It takes him fifteen minutes to get down the stairs and out into the pouring rain.

His assailant is tied up, hands bound over his head, groaning pitifully. Fulcrum’s got something in her hands, and Han stares at her for a moment.

“That’s mine,” he says.

“I figured,” she says. “But it wasn’t yours first, was it?” She throws the drive up in the air, catches it before it hits the ground. Impressive, for someone whose mask covers her eyes. “I recognize this drive. It’s the _other_ drive Hawkeye was looking for, right? The one that went missing very mysteriously?”

Han clamps his fool mouth shut.

“Yeah, I figured,” says Fulcrum. “What were you going to do with it?”

“Leverage,” says Han.

Fulcrum hums. “You know,” she says, “I’ve got a much better idea.” She turns to the unconscious thug and says, “Do you have any rope, by the way?”

\--

ii. _CONSTRUCTION RACKET EXPOSED,_ the headlines read the next day.

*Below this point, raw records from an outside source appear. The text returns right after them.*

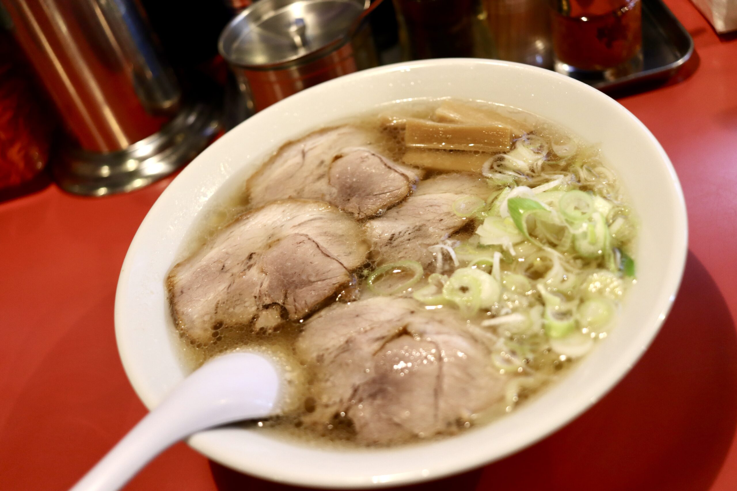 黄金色に透き通ったスープの上に、刻みネギ、チャーシュー、メンマ、というシンプルで王道のビジュアル。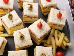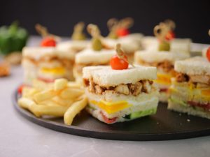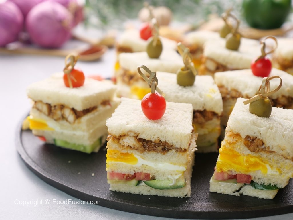 -Four bread slices per mayonnaise dal dein,ek slice per kheera aur tamatar dal dein aur dosray slice per cooked anda dal ker namak aur kali mirch crushed chirak dein.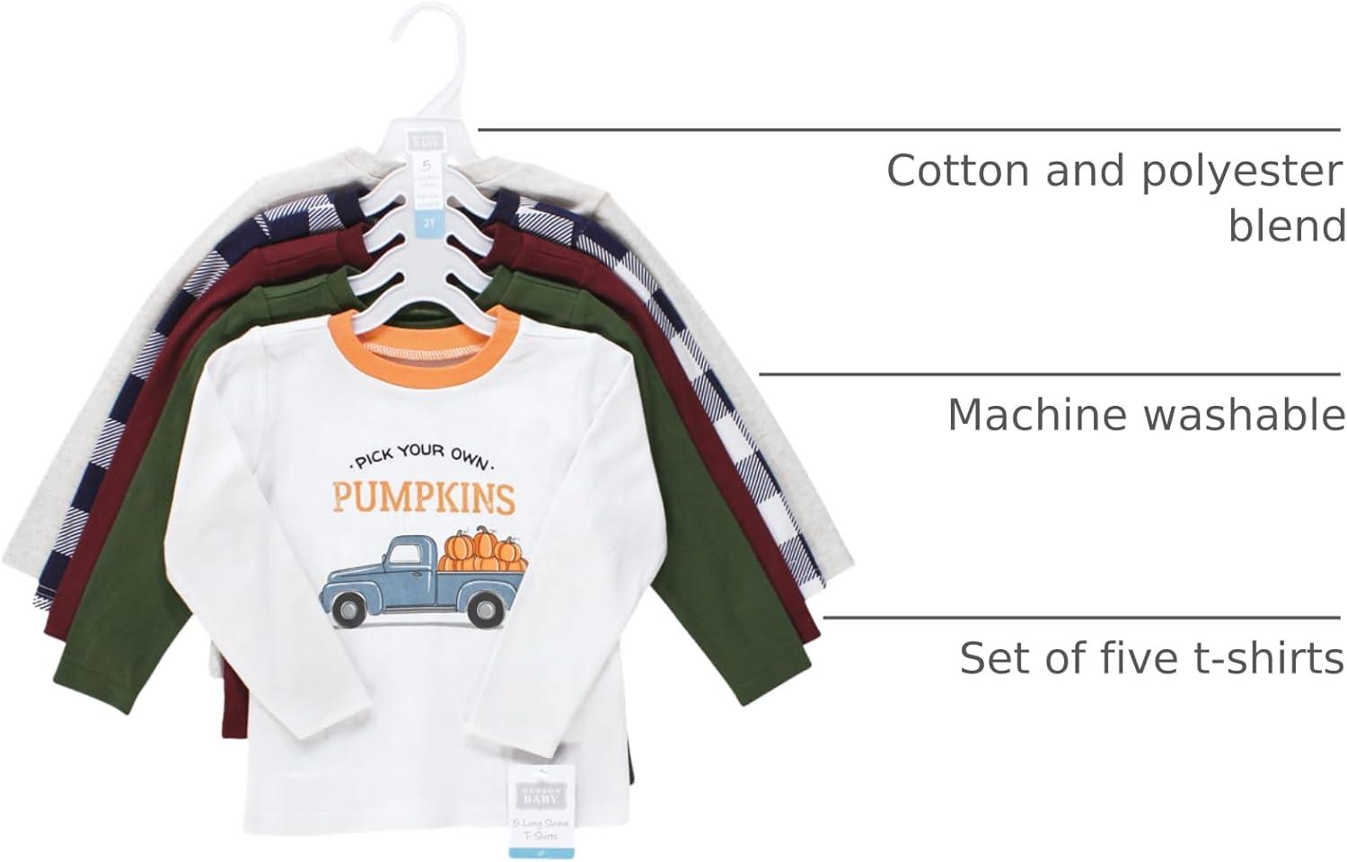 Hudson Baby t-shirts are great everyday tops for your little ones. Featuring fun prints and patterns, our t-shirts are made with comfortable, soft cotton poly fabric that feels wonderful on children's skin. Our sets include five t-shirts so you can mix and match with your child's wardrobe for fun everyday outfits.

Hawkeye’s sitting on his fire escape the next day as well, when Han comes home in the early evening, just as the sun’s starting to set.

“How the _hell_ did you know where to find me?” Han demands.

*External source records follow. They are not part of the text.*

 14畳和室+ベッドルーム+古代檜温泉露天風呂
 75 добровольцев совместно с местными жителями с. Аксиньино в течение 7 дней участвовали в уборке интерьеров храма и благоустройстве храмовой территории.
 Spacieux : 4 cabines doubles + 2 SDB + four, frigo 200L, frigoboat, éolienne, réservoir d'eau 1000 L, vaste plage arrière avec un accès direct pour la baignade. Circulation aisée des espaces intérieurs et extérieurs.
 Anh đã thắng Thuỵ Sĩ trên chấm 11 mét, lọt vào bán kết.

“I followed you,” she says. “So. I thought you wanted to _leave_.”

“Chewie’s staying no matter what, and he’d miss me if I left,” says Han. “And, princess, I think _you’d_ miss me too.”

“I’m not a _princess_ ,” Hawkeye shoots back. “Do I look like I’ve got a tiara? Do I look like I’d _miss_ you if you left?”

“Admit it,” says Han, a corner of his mouth quirking upwards. “You would. You ain’t got enough scoundrels in your life.”

“And how would you know that?” Hawkeye asks. “You don’t know who I am. You don’t know my life.”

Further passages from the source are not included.